→ **Records from a dataset**
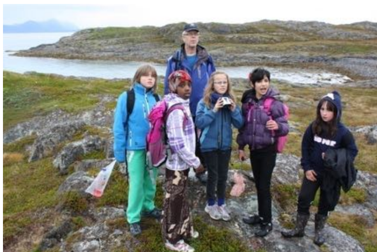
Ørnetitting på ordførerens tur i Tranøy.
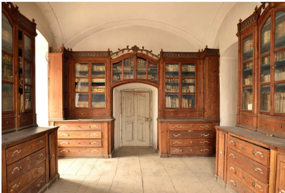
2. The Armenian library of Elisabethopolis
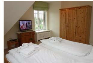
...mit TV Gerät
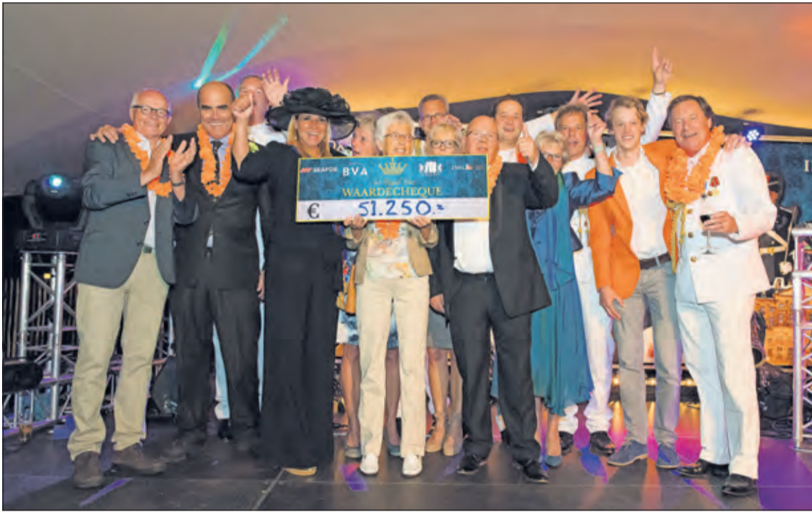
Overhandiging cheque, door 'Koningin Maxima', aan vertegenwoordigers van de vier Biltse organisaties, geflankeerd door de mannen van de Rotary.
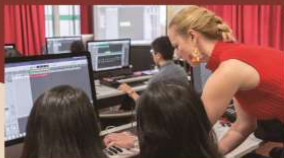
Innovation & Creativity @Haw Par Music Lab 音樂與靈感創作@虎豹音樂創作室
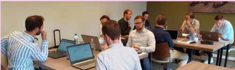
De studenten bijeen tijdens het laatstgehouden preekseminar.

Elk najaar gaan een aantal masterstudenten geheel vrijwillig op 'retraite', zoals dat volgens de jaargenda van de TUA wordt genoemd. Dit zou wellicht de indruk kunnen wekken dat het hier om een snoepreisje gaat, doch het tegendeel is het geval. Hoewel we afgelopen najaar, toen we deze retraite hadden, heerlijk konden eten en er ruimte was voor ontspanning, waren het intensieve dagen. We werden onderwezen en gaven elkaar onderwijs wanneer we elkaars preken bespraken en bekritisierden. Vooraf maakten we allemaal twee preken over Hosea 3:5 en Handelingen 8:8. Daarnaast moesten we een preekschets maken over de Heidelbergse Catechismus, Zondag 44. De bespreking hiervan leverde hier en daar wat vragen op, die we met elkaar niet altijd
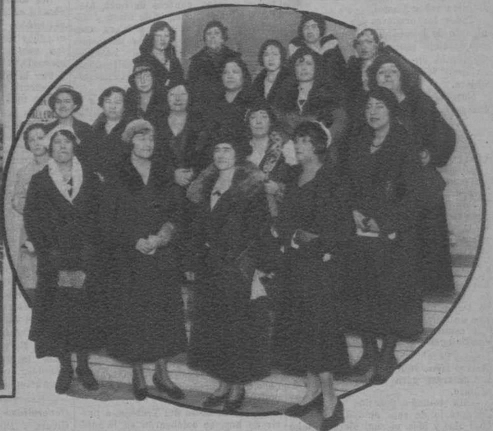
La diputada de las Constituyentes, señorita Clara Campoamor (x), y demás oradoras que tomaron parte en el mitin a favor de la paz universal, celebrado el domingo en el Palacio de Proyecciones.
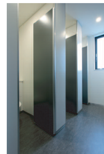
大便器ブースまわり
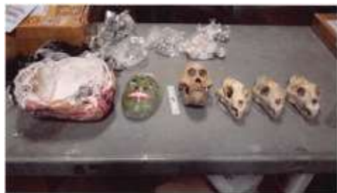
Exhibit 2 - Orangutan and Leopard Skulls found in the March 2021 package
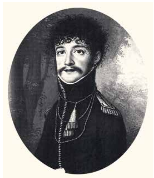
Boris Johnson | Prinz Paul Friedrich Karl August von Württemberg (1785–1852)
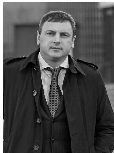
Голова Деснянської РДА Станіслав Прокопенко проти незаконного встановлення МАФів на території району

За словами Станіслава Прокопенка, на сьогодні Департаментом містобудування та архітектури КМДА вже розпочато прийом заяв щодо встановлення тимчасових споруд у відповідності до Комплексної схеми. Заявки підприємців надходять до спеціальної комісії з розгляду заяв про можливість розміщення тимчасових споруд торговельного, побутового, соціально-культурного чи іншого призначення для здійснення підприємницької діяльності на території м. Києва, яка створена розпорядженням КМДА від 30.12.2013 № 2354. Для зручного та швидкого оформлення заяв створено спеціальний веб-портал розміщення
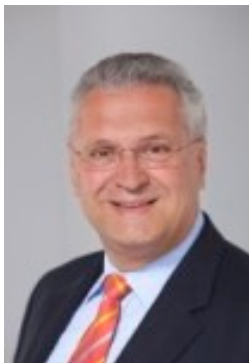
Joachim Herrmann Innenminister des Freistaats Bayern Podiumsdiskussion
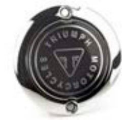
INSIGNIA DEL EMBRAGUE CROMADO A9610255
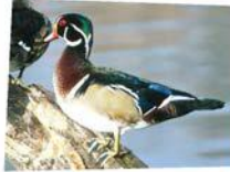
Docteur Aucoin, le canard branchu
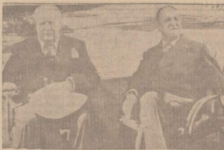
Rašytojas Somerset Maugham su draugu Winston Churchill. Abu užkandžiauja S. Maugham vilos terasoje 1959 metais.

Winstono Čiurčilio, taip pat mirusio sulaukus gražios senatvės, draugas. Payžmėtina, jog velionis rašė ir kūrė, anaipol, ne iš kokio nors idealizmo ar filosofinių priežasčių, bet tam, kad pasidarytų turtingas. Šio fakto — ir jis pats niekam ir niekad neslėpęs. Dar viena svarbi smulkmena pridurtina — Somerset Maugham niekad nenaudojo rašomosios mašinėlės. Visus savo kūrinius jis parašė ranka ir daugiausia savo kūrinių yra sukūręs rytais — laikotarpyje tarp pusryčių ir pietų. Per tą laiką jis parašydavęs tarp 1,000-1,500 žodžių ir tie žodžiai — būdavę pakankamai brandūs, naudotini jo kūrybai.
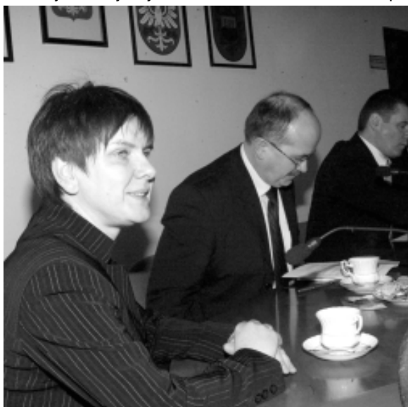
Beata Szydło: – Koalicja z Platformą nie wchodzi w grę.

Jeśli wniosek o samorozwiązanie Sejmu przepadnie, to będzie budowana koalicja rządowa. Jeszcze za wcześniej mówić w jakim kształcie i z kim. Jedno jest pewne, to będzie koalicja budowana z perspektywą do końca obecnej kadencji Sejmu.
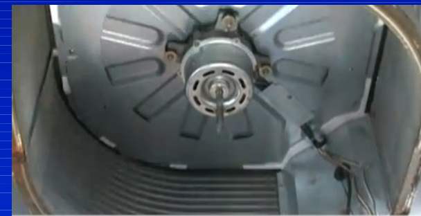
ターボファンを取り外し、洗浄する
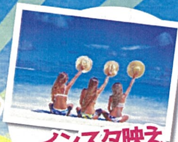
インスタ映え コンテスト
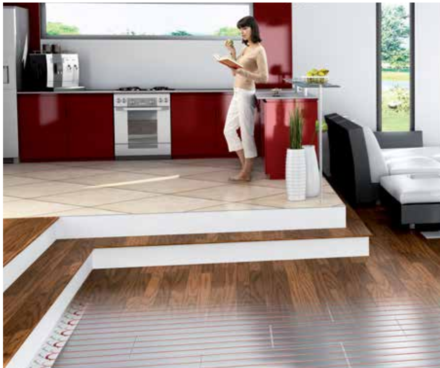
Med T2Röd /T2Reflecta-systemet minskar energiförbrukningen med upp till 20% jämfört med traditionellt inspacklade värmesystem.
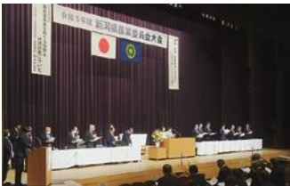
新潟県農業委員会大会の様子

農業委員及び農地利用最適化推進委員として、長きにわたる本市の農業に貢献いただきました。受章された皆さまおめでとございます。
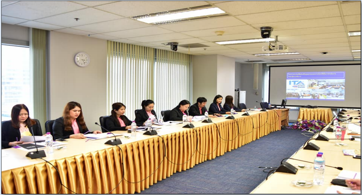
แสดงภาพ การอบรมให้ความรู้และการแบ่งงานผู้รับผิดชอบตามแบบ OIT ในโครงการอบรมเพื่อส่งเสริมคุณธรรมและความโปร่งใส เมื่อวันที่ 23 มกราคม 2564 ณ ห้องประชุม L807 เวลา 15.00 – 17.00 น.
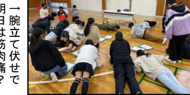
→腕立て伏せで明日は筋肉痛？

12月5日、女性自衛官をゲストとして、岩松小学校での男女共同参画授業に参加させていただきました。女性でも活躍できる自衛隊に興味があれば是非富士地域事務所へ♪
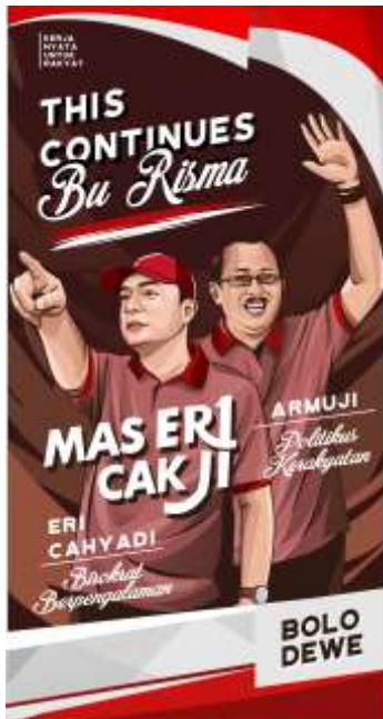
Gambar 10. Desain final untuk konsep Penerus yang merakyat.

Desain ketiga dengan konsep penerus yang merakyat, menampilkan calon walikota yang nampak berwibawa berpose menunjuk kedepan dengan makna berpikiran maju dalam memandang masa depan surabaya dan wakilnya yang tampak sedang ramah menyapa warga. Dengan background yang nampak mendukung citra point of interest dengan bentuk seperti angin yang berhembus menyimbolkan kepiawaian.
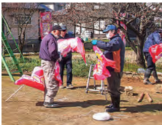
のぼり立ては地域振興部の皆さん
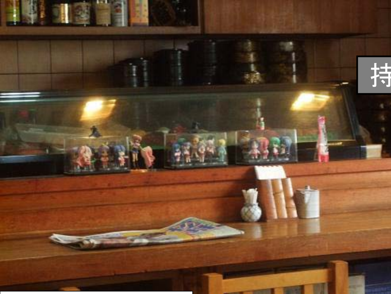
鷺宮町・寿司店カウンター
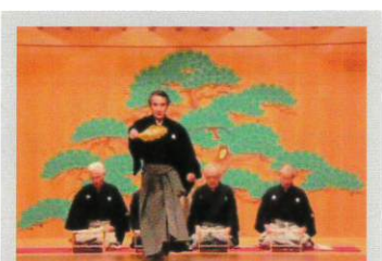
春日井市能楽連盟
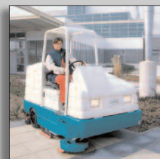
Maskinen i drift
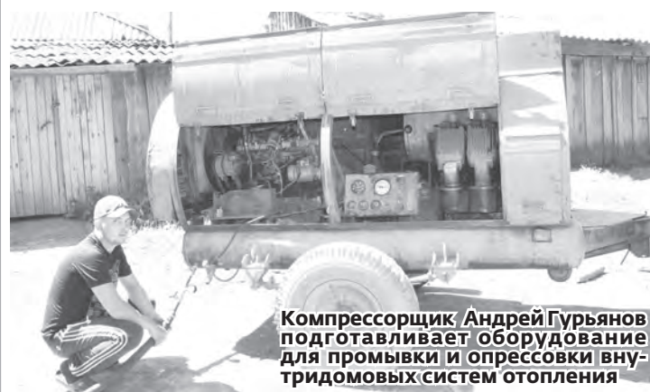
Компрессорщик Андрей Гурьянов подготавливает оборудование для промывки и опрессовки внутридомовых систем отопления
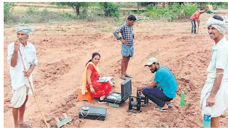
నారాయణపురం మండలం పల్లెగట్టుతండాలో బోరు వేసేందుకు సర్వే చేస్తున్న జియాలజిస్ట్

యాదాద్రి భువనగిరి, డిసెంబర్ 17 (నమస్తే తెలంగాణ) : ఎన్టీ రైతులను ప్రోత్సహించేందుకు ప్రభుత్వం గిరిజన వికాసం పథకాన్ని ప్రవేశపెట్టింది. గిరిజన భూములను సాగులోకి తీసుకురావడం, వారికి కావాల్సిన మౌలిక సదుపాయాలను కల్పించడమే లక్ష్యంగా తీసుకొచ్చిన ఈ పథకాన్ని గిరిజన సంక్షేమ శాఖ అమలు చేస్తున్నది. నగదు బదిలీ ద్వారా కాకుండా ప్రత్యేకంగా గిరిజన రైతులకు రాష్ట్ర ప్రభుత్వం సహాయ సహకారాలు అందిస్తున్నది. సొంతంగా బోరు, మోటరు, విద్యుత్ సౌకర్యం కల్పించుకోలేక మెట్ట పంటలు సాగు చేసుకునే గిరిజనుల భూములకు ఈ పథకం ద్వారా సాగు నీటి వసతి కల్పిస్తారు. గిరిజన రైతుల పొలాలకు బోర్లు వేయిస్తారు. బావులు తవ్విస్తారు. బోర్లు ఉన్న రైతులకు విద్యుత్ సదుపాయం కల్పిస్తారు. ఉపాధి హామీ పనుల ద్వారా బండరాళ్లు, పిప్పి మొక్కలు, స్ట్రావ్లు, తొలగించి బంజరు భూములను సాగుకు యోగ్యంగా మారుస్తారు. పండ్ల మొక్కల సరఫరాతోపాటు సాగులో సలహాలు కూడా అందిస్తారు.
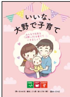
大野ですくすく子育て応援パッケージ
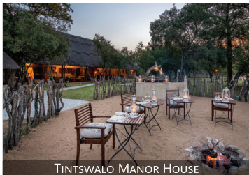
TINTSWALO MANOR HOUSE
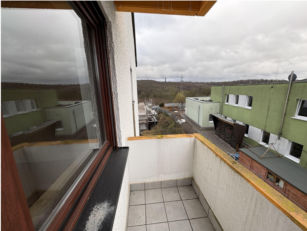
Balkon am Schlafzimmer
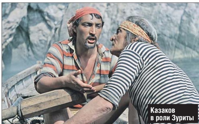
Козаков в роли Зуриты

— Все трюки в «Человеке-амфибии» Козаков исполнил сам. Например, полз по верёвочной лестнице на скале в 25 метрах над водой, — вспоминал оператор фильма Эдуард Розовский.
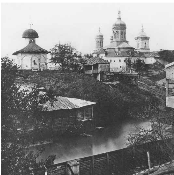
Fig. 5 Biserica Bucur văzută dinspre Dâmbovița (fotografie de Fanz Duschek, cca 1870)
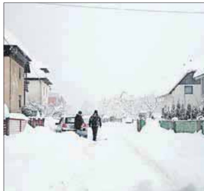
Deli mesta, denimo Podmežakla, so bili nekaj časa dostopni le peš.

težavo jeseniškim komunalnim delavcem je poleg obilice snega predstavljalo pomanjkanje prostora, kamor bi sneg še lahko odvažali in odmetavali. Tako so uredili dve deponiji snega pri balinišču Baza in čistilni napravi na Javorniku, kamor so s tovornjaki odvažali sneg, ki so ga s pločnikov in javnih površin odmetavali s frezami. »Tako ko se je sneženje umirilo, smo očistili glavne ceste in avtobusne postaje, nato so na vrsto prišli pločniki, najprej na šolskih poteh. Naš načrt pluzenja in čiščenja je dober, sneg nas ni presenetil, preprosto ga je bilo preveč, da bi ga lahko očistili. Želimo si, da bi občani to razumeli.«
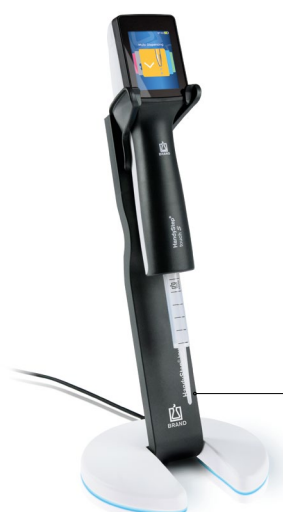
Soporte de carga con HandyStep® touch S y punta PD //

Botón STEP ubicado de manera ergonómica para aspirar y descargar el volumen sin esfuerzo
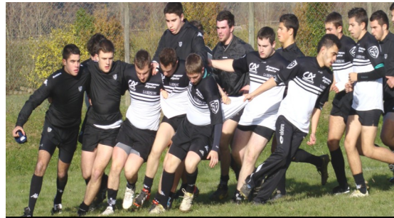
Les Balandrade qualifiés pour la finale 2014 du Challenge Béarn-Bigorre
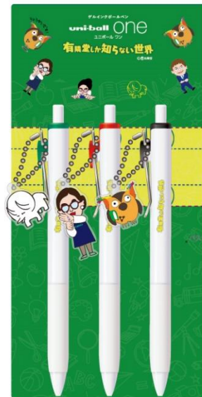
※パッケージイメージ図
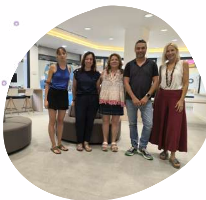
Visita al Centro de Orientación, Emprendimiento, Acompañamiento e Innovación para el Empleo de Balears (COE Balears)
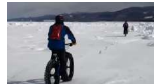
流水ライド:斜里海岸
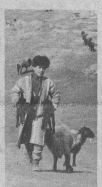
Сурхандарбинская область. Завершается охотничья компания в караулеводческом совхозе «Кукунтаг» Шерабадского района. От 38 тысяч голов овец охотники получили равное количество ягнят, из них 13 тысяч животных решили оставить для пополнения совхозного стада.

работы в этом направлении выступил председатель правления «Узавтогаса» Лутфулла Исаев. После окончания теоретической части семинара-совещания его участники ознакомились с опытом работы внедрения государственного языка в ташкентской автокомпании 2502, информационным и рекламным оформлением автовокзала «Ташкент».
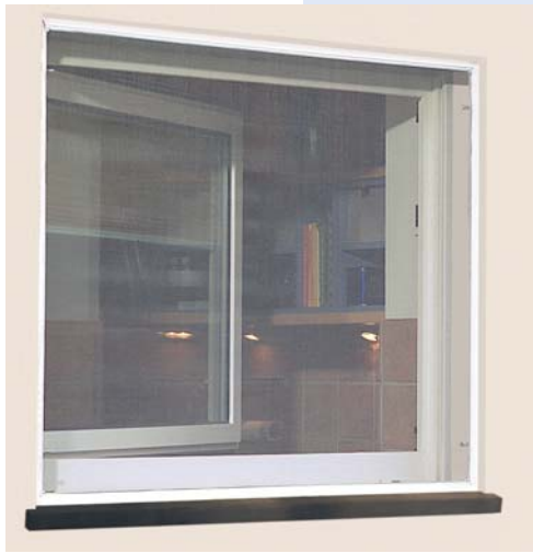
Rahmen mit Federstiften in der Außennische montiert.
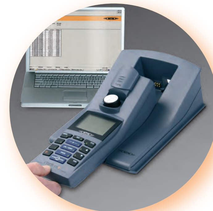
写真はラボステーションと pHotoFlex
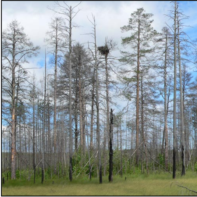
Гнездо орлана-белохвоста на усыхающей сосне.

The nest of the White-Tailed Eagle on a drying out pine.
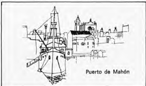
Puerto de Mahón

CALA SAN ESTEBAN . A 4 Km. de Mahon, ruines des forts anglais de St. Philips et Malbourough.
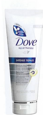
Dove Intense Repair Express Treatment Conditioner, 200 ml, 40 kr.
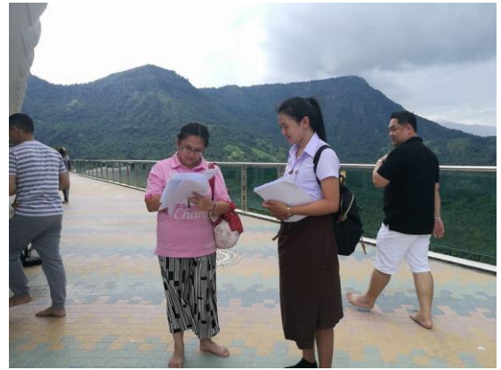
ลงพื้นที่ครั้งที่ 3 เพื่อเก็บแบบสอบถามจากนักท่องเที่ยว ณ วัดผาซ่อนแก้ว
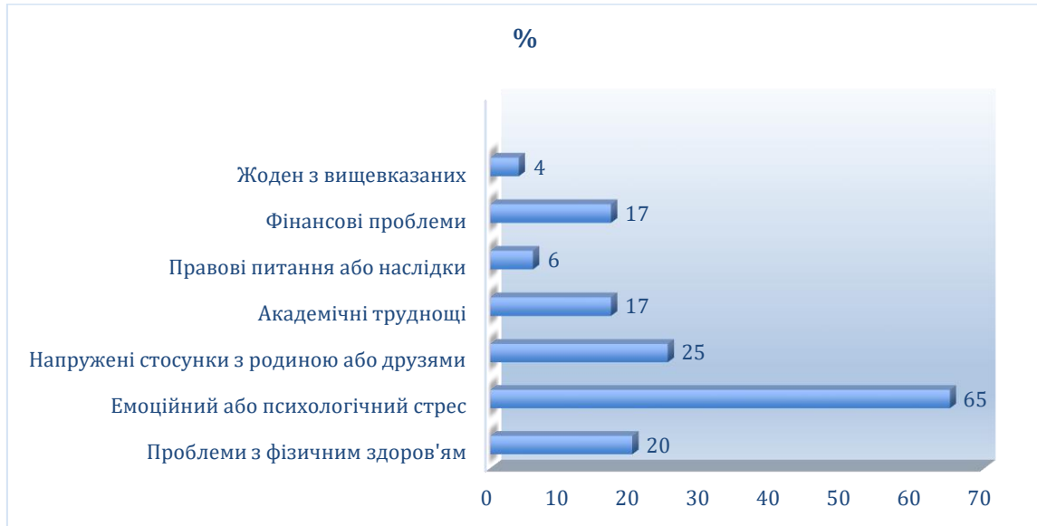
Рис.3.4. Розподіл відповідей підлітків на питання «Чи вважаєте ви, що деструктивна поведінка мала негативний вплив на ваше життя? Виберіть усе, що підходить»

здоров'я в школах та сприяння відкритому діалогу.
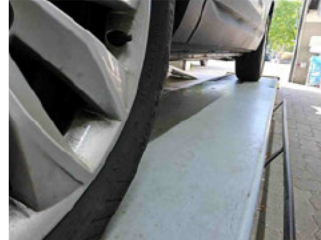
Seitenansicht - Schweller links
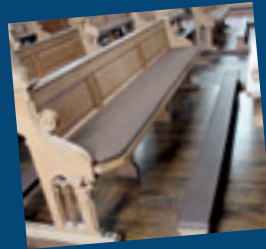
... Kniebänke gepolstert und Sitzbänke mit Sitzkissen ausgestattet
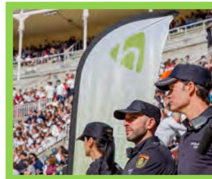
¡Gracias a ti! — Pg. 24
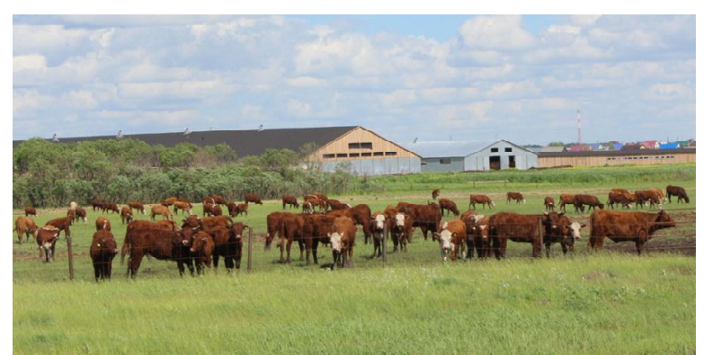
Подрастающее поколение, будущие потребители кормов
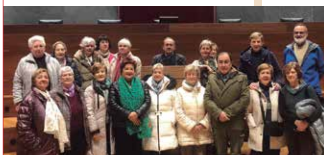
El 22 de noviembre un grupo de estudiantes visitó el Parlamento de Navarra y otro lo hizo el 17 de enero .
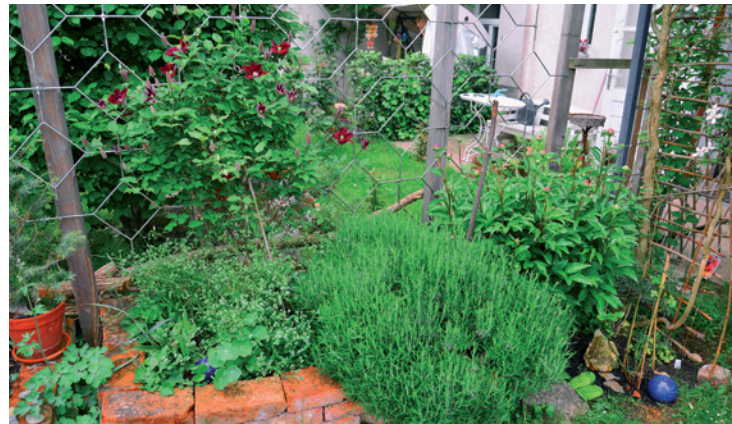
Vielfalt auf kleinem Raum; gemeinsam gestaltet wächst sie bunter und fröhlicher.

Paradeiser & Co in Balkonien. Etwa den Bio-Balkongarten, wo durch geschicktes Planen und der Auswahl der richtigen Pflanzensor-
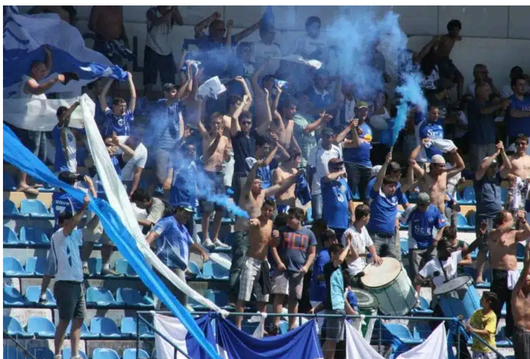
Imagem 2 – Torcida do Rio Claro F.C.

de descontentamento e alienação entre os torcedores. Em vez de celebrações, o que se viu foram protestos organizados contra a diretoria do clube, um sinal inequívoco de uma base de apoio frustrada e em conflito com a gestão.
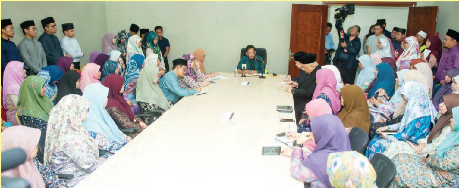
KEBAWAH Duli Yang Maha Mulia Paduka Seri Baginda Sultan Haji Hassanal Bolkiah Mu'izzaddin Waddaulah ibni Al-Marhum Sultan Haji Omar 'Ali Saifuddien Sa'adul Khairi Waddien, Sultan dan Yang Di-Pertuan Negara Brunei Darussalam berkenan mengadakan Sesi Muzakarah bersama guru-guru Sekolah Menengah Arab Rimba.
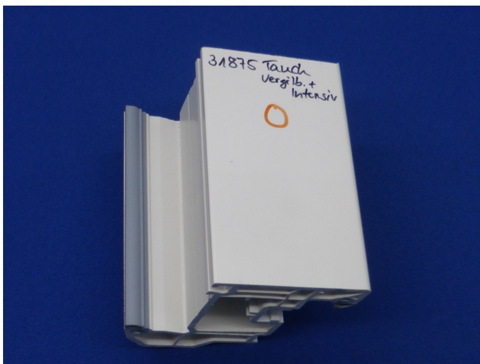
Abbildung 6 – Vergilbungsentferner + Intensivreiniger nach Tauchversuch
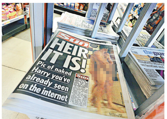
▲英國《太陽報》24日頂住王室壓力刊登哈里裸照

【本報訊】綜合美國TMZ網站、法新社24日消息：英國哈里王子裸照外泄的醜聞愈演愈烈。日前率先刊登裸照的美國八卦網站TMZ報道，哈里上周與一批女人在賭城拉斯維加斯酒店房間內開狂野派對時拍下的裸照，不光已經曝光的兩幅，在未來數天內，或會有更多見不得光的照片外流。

→ **What this task involves**
Among the records above, locate the line containing "Jeśli wniosek o" and the line containing "నారాయణపురం మండలం పల్లెగట్టుతండాలో", then transcribe exactly the lines starting at the first and ending at the second, with no pictures.

→ **Expected answer**
Jeśli wniosek o samorozwiązanie Sejmu przepadnie, to będzie budowana koalicja rządowa. Jeszcze za wcześniej mówić w jakim kształcie i z kim. Jedno jest pewne, to będzie koalicja budowana z perspektywą do końca obecnej kadencji Sejmu.
ターボファンを取り外し、洗浄する
インスタ映え コンテスト
Med T2Röd /T2Reflecta-systemet minskar energiförbrukningen med upp till 20% jämfört med traditionellt inspacklade värmesystem.
新潟県農業委員会大会の様子

農業委員及び農地利用最適化推進委員として、長きにわたる本市の農業に貢献いただきました。受章された皆さまおめでとございます。
แสดงภาพ การอบรมให้ความรู้และการแบ่งงานผู้รับผิดชอบตามแบบ OIT ในโครงการอบรมเพื่อส่งเสริมคุณธรรมและความโปร่งใส เมื่อวันที่ 23 มกราคม 2564 ณ ห้องประชุม L807 เวลา 15.00 – 17.00 น.
→腕立て伏せで明日は筋肉痛？

12月5日、女性自衛官をゲストとして、岩松小学校での男女共同参画授業に参加させていただきました。女性でも活躍できる自衛隊に興味があれば是非富士地域事務所へ♪
Gambar 10. Desain final untuk konsep Penerus yang merakyat.

Desain ketiga dengan konsep penerus yang merakyat, menampilkan calon walikota yang nampak berwibawa berpose menunjuk kedepan dengan makna berpikiran maju dalam memandang masa depan surabaya dan wakilnya yang tampak sedang ramah menyapa warga. Dengan background yang nampak mendukung citra point of interest dengan bentuk seperti angin yang berhembus menyimbolkan kepiawaian.
のぼり立ては地域振興部の皆さん
鷺宮町・寿司店カウンター
春日井市能楽連盟
Maskinen i drift
Компрессорщик Андрей Гурьянов подготавливает оборудование для промывки и опрессовки внутридомовых систем отопления
నారాయణపురం మండలం పల్లెగట్టుతండాలో బోరు వేసేందుకు సర్వే చేస్తున్న జియాలజిస్ట్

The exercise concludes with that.